Prime minister Dmitry Medvedev has again threatened to cut off his country’s air space to western airlines is Europe proceeds with new sanctions. That was an escalation from a month ago, when he threatened only to cut off Siberian air space.
By one estimate, it would cost European airlines alone up to $200 million a year to fly around Russia en route to Asia. But tit-for-tat tactics can become expensive if carried to their logical extremes: Russia’s cost would be substantially higher when you add lost air transit fees ($170 million last year) and the price if the West retaliates by forcing Russian airlines to avoid Europe.

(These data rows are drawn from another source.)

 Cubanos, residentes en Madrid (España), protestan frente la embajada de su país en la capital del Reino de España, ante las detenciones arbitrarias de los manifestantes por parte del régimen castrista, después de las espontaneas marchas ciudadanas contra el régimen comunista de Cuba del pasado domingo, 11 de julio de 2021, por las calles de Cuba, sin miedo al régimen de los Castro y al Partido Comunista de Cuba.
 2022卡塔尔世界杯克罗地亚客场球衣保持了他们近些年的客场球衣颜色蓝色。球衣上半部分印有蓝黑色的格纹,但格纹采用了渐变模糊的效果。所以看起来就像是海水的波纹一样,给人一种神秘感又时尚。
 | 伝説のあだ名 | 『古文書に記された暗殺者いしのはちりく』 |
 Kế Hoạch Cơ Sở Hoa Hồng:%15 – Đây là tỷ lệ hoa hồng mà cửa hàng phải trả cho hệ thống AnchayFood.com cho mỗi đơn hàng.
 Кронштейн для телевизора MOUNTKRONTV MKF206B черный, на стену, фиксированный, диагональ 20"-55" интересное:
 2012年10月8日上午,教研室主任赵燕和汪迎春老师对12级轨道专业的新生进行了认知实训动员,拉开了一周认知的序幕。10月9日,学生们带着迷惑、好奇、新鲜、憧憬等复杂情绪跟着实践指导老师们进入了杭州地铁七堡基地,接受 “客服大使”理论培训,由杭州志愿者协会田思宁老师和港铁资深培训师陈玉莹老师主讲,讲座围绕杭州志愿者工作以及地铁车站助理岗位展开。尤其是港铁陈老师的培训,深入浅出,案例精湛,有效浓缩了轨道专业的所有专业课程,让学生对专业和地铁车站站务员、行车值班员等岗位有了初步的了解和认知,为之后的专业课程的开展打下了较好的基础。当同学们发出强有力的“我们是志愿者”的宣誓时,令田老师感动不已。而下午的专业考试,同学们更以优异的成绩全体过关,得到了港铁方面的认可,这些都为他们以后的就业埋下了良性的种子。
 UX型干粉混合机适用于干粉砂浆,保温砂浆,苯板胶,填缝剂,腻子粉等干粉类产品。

Meanwhile, Aeroflot has already suffered from the Russian invasion of Ukraine—its shares have plunged by 34% since the annexation of the Crimean peninsula on Feb. 27.
Moscow is also threatening to reduce (paywall) shipments of natural gas to Europe should it proceed with plans to re-export its own Russian supplies to Ukraine. Russia cut off gas to Ukraine in February in a price dispute. Ukraine says it has almost enough gas in storage to last the winter, and last week, Slovakia—a customer of Russia’s Gazprom—opened a pipeline to Ukraine, to help make up the rest of Kyiv’s needs. Poland and Hungary may re-export Gazprom gas to Ukraine as well.
If Russia carries through with its threat, it would be going up against a Europe that is already steeled for a cutoff. EU gas storage facilities are between 89% and 92% full. That does not mean that Europe is impervious to a gas cutoff this winter, but it does suggest that it is far less vulnerable than Russia’s previous such moves in 2006 and 2009.
And how is Gazprom itself doing? Not so well. As we’ve written, its profits plunged 38% in the first half of the year. Its shares trade near the lowest among its major emerging market peers. Gazprom, which sends 75% of its exports to Europe, would suffer a body blow if a cutoff to Europe is sustained. That would hurt the Russian budget as well: Gazprom provides about 5% of the government’s income.
Then there is oil: Another 45% of Russia’s budget comes from oil exports, the biggest source of which is state-controlled Rosneft. And Rosneft is also in long-range trouble. Western sanctions to date—constraining Rosneft’s access to financing and advanced oilfield technology—have clamped the company in a cash squeeze. It still churns out billions of dollars a year, but it also has about $55 billion in debt on its books, plus steep bills for Arctic and Siberian drilling projects that it hopes will boost its annual oil production by a third—to 6.4 million barrels a day—by 2020.
Last month, Rosneft had to go to the Russian government to ask for $42 billion to tide it over. It cannot rely fully on its oil sales because it has already pledged 800,000 barrels of daily production—16% of its approximately 5 million barrels—to China and Swiss-based trading companies in exchange for cash, Bernstein’s Teng Ben tells Quartz.
In the case of China National Petroleum Corp., that oil has to be delivered for the next 25 years; for Vitol and Glencore, the debt goes on for just five years. But, when Rosneft returned (paywall) for $2 billion more in cash a couple of weeks ago, Vitol said no because of the sanctions.